TransformerARSpeechDecoder: An autoregressive transformer-based speech decoder
Audio Codec Integration: Works with audio codecs to generate natural speech from discrete tokens

Implementation Details#

The DuplexS2SModel implementation contains several key methods that handle different aspects of the model’s functionality:

Model Initialization#

The constructor (__init__) initializes the following components:

Pretrained ASR encoder/perception: Loads a pretrained NeMo ASR model and adapts it for audio perception
LLM: Loads a pretrained language model using HuggingFace’s AutoModel
Audio codec: Loads a pretrained NeMo audio codec for speech generation
Token prediction heads: Adds separate heads for text token and audio token prediction

Forward Method#

The forward method:

Accepts input representations (sum of audio perception and text embedding outputs)
Runs an offline forward pass through the language model
Generates logits from both text and audio token prediction heads
Returns these logits for loss computation

Training Step#

The training_step method:

Builds input representations using the prepare_inputs method
Runs the forward method to get text and audio logits
Computes losses for both text and audio tokens
Logs training metrics (loss, learning rate, etc.)
Returns the loss for backpropagation

Prepare Inputs#

The prepare_inputs method:

Processes source audio through the perception module (with gradients enabled)
Processes target audio through the audio codec (with gradients disabled)
Truncates source/target audio and target text sequences to have the same sequence length, if needed
Performs additional truncation for sequence lengths to be divisible by tensor parallelism world size (if enabled)
Returns a dictionary with input and label tensors for training

def prepare_inputs(self, batch):
    # Process source audio through perception
    audio_embs, audio_emb_lens = self.perception(
        input_signal=batch["source_audio"],
        input_signal_length=batch["source_audio_lens"]
    )

    # Process target audio through codec (no gradients)
    with torch.no_grad():
        target_audio_tokens, target_audio_token_lens = self.audio_codec.encode(batch["target_audio"], batch["target_audio_lens"])

    # Truncate sequences if needed
    # ... (truncation logic)

    # Embed text tokens and combine them with audio representations
    # ... (text embedding logic)

    # Return processed inputs and labels
    return {
        "audio_embeds": audio_embs,
        "input_embeds": input_embeds,
        "attention_mask": attention_mask,
        "target_text_ids": target_text_ids,
        "target_audio_ids": target_audio_ids,
    }

Validation#

The validation process:

Clears GPU memory to avoid OOM issues
Loads a scoring ASR model into GPU for evaluation
Initializes metric aggregation for each dataset
Processes each validation dataset separately
Computes BLEU scores for text and ASR-decoded audio
Logs and clears metrics after validation is complete

Scaling Support#

The DuplexS2SModel includes a configure_model method that sets up model parallelism for large-scale training. This method:

Detects the parallelism strategy from the trainer’s device mesh
Applies Fully Sharded Data Parallel (FSDP) sharding to appropriate modules
Applies Tensor Parallelism (TP) and Sequence Parallelism (SP) when configured
Handles model-specific adaptations for different LLM architectures

The scaling approach supports:

Pure FSDP2 for distributing parameters across GPUs
Pure TP/SP for splitting computation across GPUs
2D parallelism combining both approaches

Pretrained Model Usage#

All models in the speechlm2 collection can be instantiated from pretrained checkpoints:

import nemo.collections.speechlm2 as slm

# Load SALM model
salm_model = slm.models.SALM.from_pretrained("path/to/checkpoint")

# Load DuplexS2SModel
duplex_model = slm.models.DuplexS2SModel.from_pretrained("path/to/checkpoint")
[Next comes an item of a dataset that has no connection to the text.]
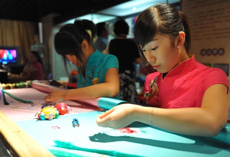 8月16日,北京劇裝廠的工作人員在現場展示“燕京八絕”之一的京繡。當日,第二屆中華民族藝術珍品文化節在位于北京崇文區的中華民族藝術珍品館開幕。據介紹,為期一月有余的此次文化節包括藏傳佛教藝術珍品展、海外遺珍———海峽兩岸紅山玉文物瑰寶展、“燕京八絕”傳統技藝展等七個主題展以及古玉鑒定講座、藝術珍品拍賣等多項活動,將系統地展示反映中國古代、近現代和當代民族藝術的珍品。

# Load DuplexS2SSpeechDecoderModel
decoder_model = slm.models.DuplexS2SSpeechDecoderModel.from_pretrained("path/to/checkpoint")

Model Configuration#

All models in this collection use a configuration-based approach, where a YAML configuration file specifies the model architecture, components, and training parameters. See the configurations documentation for details on these configuration files.

For information about scaling and training these models at scale, see the training and scaling documentation.